Kernel is upgraded from 5.4.0-81-generic to 5.8.0-50-generic. The Kubernetes version on each node is upgraded to 1.14 prior to doing the kernel upgrade. This can be checked with the following command under column KERNEL-VERSION.

$kubectl get nodes -owide
NAME STATUS ROLES AGE VERSION INTERNAL-IP EXTERNAL-IP OS-IMAGE KERNEL-VERSION CONTAINER-RUNTIME
sdkms-server-3 Ready master 8h v1.14.10 10.197.192.45 <none> Ubuntu 20.04.3 LTS 5.8.0-50-generic docker://18.6.3

Kured version is upgraded from 1.1.0 to 1.2.0

Troubleshooting

In case kubelet client certificates expire (/var/lib/kubelet/pki/kubelet-client.crt) and there is no /var/lib/kubelet/pki/kubelet-client-current.pem file present, then you can create the certificates using the following commands:

TEMP_DIR=/etc/kubernetes/tmp
mkdir -p $TEMP_DIR
BACKUP_PEM="/var/lib/kubelet/pki/kubelet-client-current.pem"
KEY="/var/lib/kubelet/pki/kubelet-client.key"
CERT="/var/lib/kubelet/pki/kubelet-client.crt"

echo "Stopping kubelet service"
systemctl stop kubelet

echo "Creating a new key and cert file for kubelet auth"
nodename=$(echo "$HOSTNAME" | awk '{print tolower($0)}')
openssl req -out $TEMP_DIR/tmp.csr -new -newkey rsa:2048 -nodes -keyout $TEMP_DIR/tmp.key -subj "/O=system:nodes/CN=system:node:$nodename"
cat > $TEMP_DIR/kubelet-client.ext << HERE
keyUsage = critical,digitalSignature,keyEncipherment
extendedKeyUsage = clientAuth
HERE
echo "Signing the generated csr with kubernetes CA"
openssl x509 -req -days 365 -in $TEMP_DIR/tmp.csr -CA /etc/kubernetes/pki/ca.crt -CAkey /etc/kubernetes/pki/ca.key -CAcreateserial -out $TEMP_DIR/tmp.crt -sha256 -extfile $TEMP_DIR/kubelet-client.ext
cp $TEMP_DIR/tmp.crt $CERT
cp $TEMP_DIR/tmp.key $KEY

chmod 644 $CERT
chmod 600 $KEY

if grep -q "client-certificate-data" $KUBELET_CONF; then
    echo "Updating file $KUBELET_CONF to add reference to restored certificates"
    sed -i "s|\(client-certificate-data:\s*\).*\$|client-certificate: $CERT|" $KUBELET_CONF
    sed -i "s|\(client-key-data:\s*\).*\$|client-key: $KEY|" $KUBELET_CONF
fi

echo "Starting kubelet service"
systemctl start kubelet

Upgrade on a 2 node cluster can fail due to etcd quorum failure.
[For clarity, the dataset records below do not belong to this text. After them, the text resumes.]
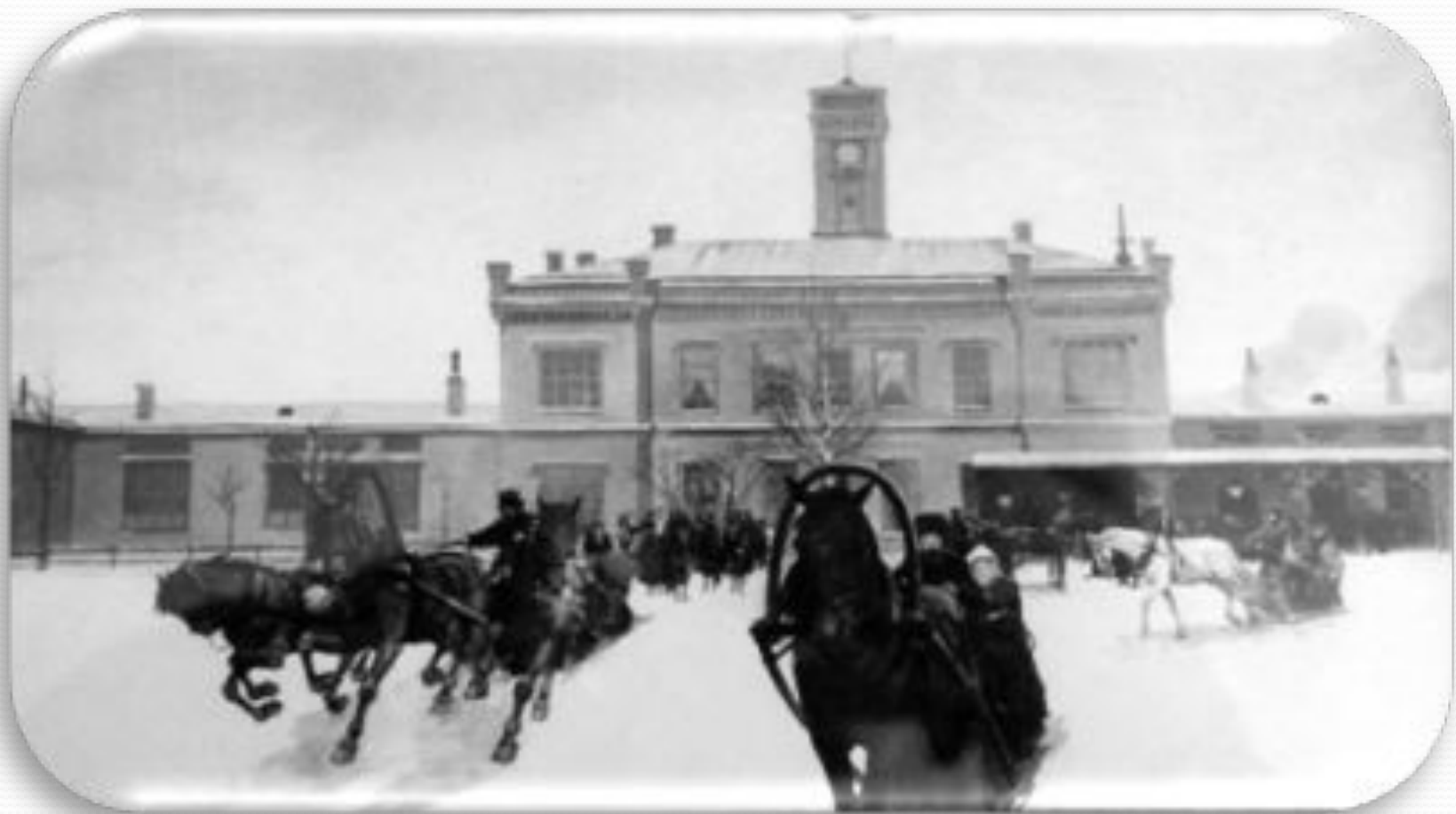
II вокзал – 1849-1852 гг. (арх.К.Л.Тон)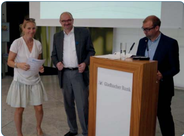
1. Platz der Grundschulen: KGS Annaschule (li).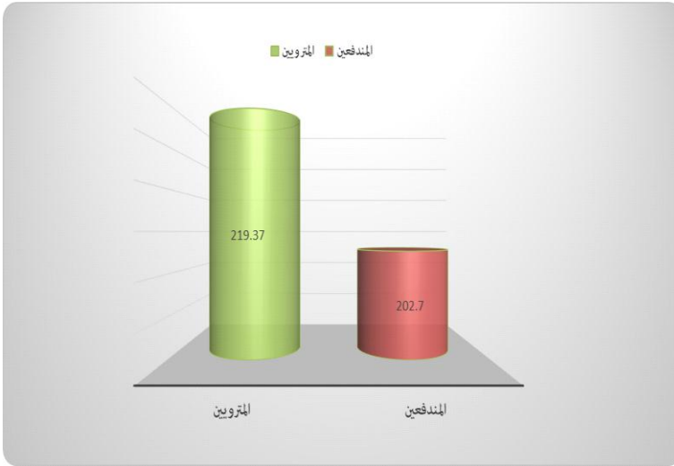
شكل (5) متوسطات درجات طلاب تكنولوجيا التعليم في التطبيق البعدي لاختبار الجانب الأدائي لمهارات صيانة الحاسب الآلي ترجع الى الأثر الأساسي لاختلاف الأسلوب المعرفي (مترويين /مندفعين)

ومن النتائج السابقة يتم قبول الفرض الإحصائي الخامس الذي ينص على أنه " توجد فروق ذات دلالة إحصائية عند مستوى (0.05) بين متوسطات درجات طلاب تكنولوجيا التعليم في التطبيق البعدي لاختبار الجانب الأدائي لمهارات صيانة الحاسب الآلي ترجع الى الأثر الأساسي لاختلاف الأسلوب المعرفي (مترويين /مندفعين) لصالح الأسلوب المعرفي المترويين."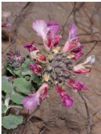
Teucrium buxifolium subsp. hifacense. Important endemisme rupícola. Joan Piera Olives

El Parc Natural de la Serra Gelada i el seu entorn litoral fou declarat l'11 de març de 2005, amb 5.655 ha. de les quals 4.920 són de praderies de Posidonia oceanica , fet molt singular ja que és l'únic parc marítim terrestre declarat a la Comunitat Valenciana. Entre els seus valors ambientals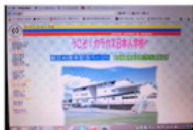
表紙も内容も一新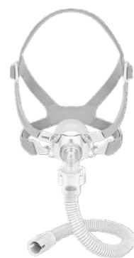
Máscara Nasal YN03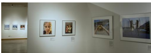
Ausstellungsansicht „PEACE. Die weltbesten Jugendfotos zum Thema Frieden“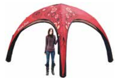
ca. 4 m

*bei normaler Verschmutzung, zusätzlicher Reinigungsaufwand wird separat in Rechnung gestellt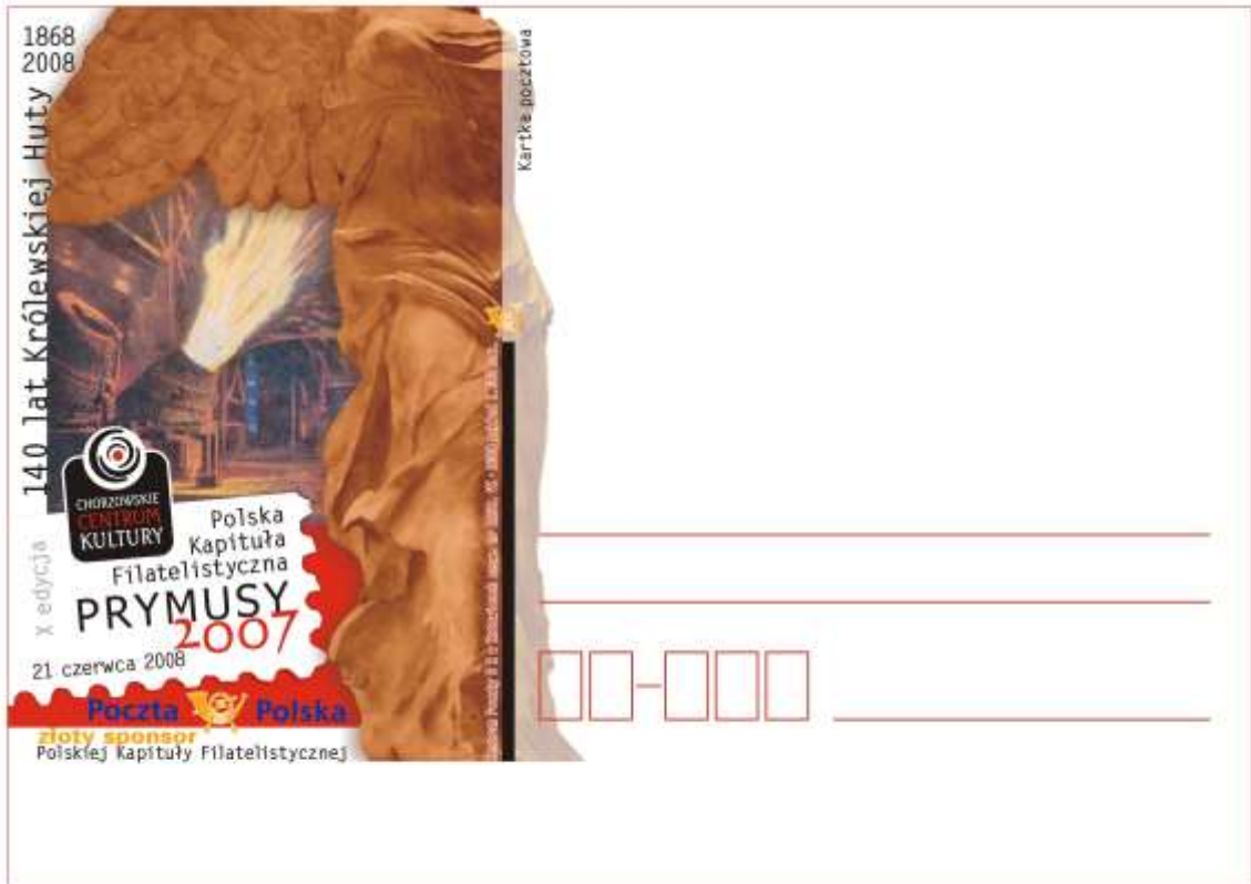
Kartka beznominalowa wydana przez Polską Kapitułę Filatelistyczną z okazji 140 lecia Królewskiej Huty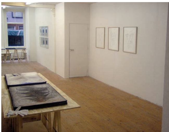
K09 december 2007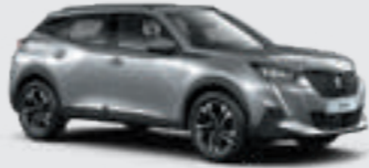
ARTENSE GREY | F4M0 | כסוף כהה מטאלי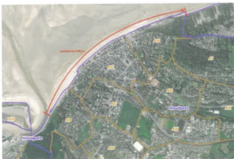
Périmètre de la plage, à gauche côté ouest, La Dives (petit fleuve)

Lors des périodes d'inexploitation, la commune est tenue d'enlever les installations démontables implantées dans le périmètre de la plage y compris les cabines toilettes.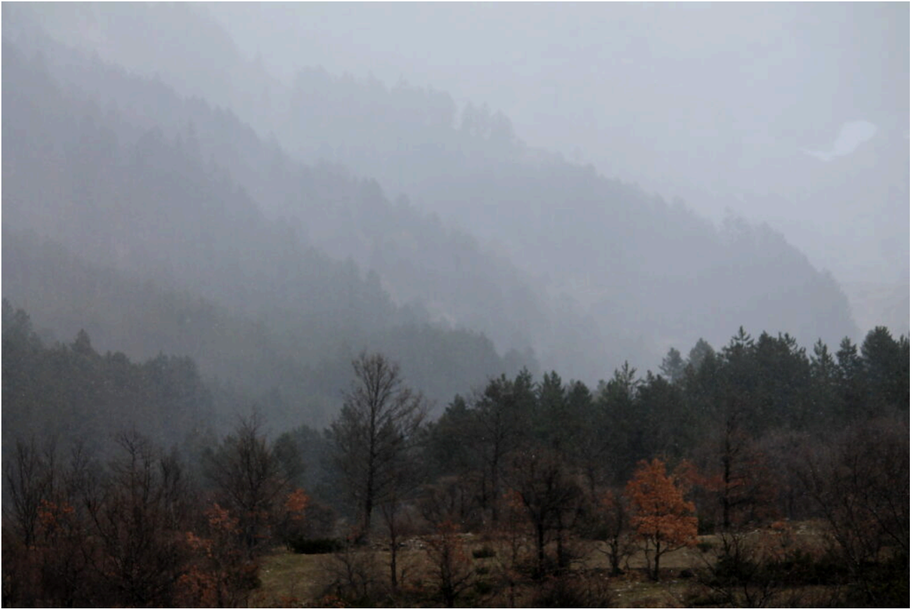
19- Ritorno verso Macchie, partiti con il sole e ritornati sotto una leggera nevicata.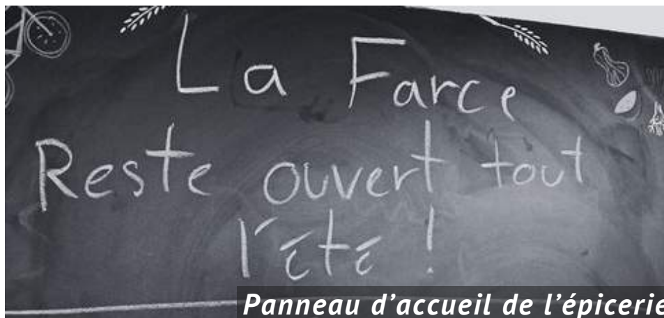
Panneau d'accueil de l'épicerie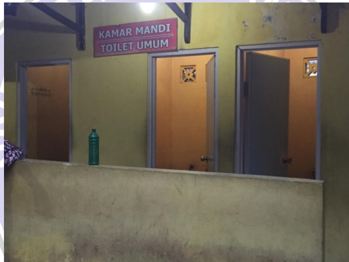
(Kamar mandi di sekitar Telaga Sarangan)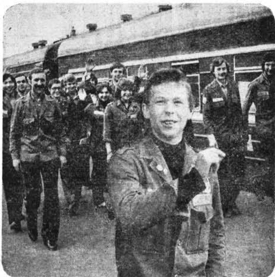
20 августа в Ленинград из Днепропетровска возвратились представители бригад — победителей конкурса «Претендент-79».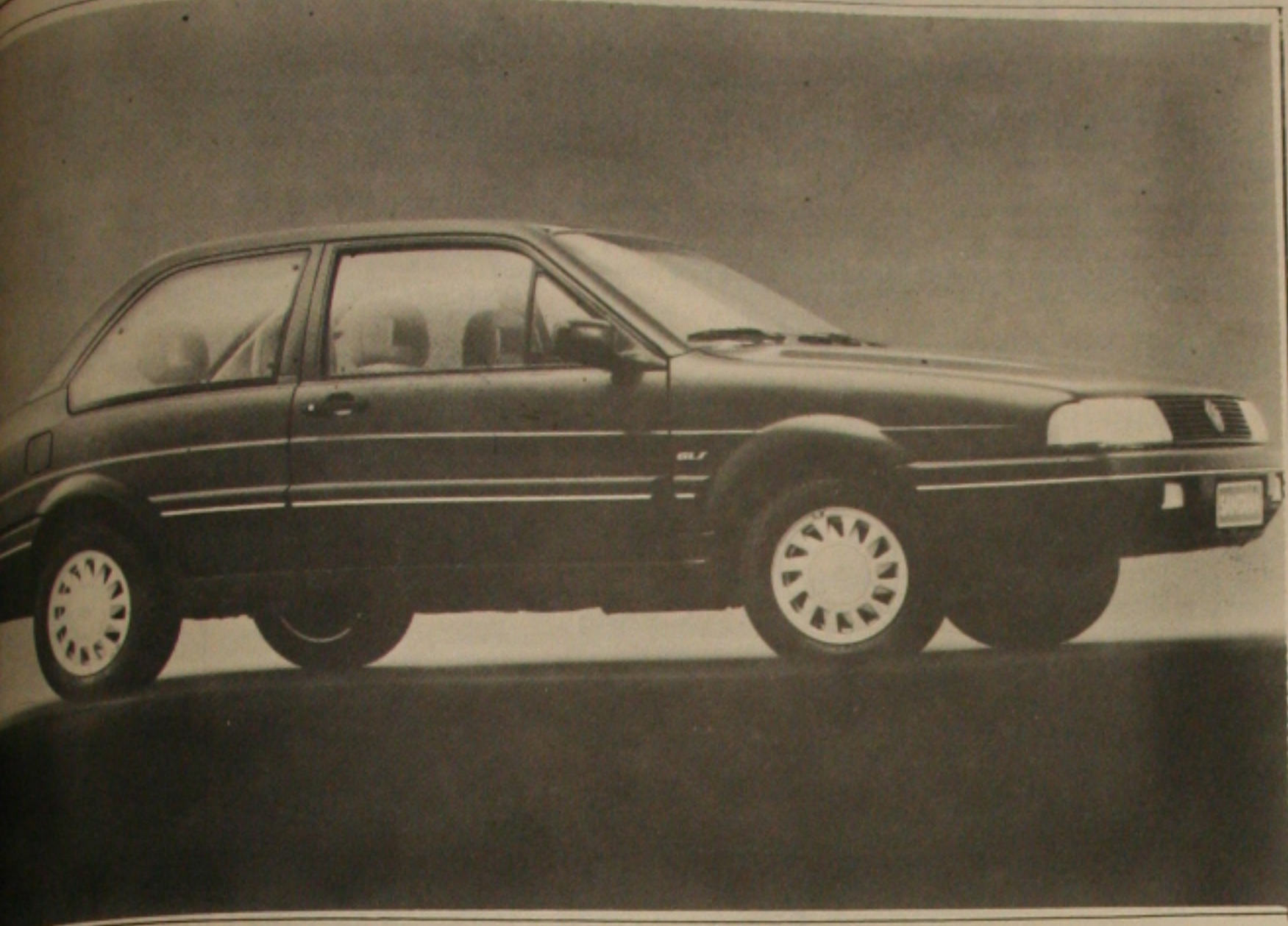
O estilo de influência aerodinâmica adotado hoje pelos principais fabricantes de automóveis em todo mundo.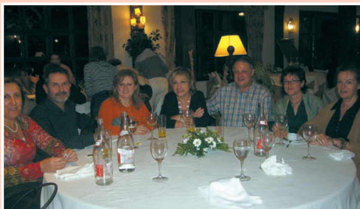
Parte de los compañeros de la Comunidad Valenciana que asistieron a las Jornadas

El CECOVA dio a conocer los resultados del proyecto piloto "Prevención del Riesgo Biológico en Profesionales de Sanitarios de la Comunidad Valenciana"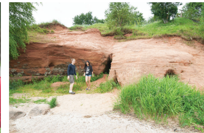
С утесом Калласте связано много древних легенд - например, поверье гласит, что когда-то в песчанниках была кузница самого дьявола.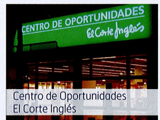
Centro de Oportunidades El Corte Inglés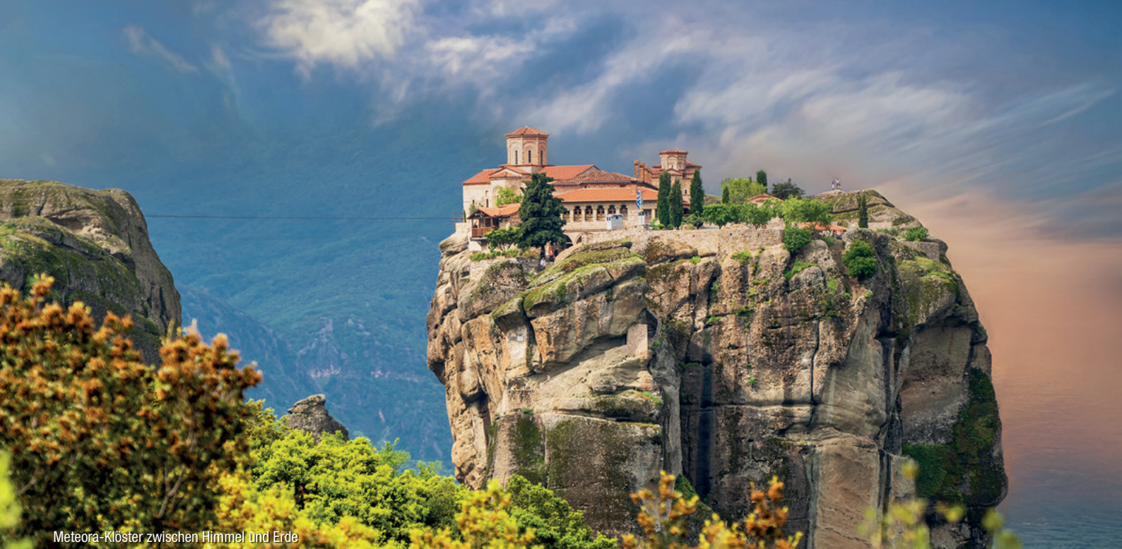
Meteora-Klöster zwischen Himmel und Erde

In such a scenario, if pods are healthy, you can re-run the deploy job manually using the following command. This will eventually upgrade the cluster to 1.14.
```
sdkms-cluster deploy --stage DEPLOY --version <version>
```
WARNING
2 node upgrades are not recommended.
When a cluster is upgraded from build 4.2.2087 to <4.3.xxxx> on a 3-node cluster, it is possible that the deploy job is exited and marked completed before cluster upgrade. In such a scenario, if all the pods are healthy, you can deploy the version again.